Now playing at the Colony Theater in North Raleigh. Check the theater's website for show-times.
“Certified Copy” (Dir. Abbas Kiarostami, 2010)
This dialogue driven French drama has been validly compared to “My Dinner With Andre”, and the “Before Sunrise”/“Before Sunset” films, but it’s at its most alluring when the characters stop talking and stare off into space.
You can really get lost in the moments where Juliette Binoche and William Shimell as a couple who has just met – she an antiques dealer; he a famous writer and – hesitate before their next spoken words, and try to decide which versions of themselves they want to pursue being next.
Taking place in Tuscany during one confusing yet compelling day, we follow Binoche and Shimell as they drive to the village of Lucignano, having elaborately intertwined conversations about existentialism filtered through the lenses of art.
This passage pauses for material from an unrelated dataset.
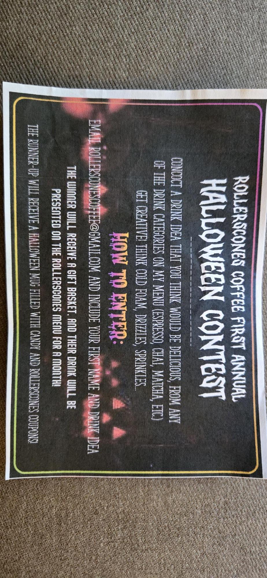 First Prize Wins a gift basket filled with all kinds of goodies and drink vouchers, and also a your drink will be featured at the Rollerscones coffee truck for the next month!

Shimell is touring promoting his book, also entitled “Certified Copy” (or its French title “Copie Conforme”), which deals with originals and copies of art being equal.
Binoche has some issues with Shimell’s theories, but when they are mistaken for a married couple by a café owner (Gianna Giachetti), she goes with it, and before you know it their repartee is even more layered as they are now conversing as man and wife.
Directed by acclaimed Iranian film maker Kiarostami, this film flows lucidly with many scenes featuring unbroken shots that keep us successfully inside the pair’s often conflicting yet magnetic mind-sets.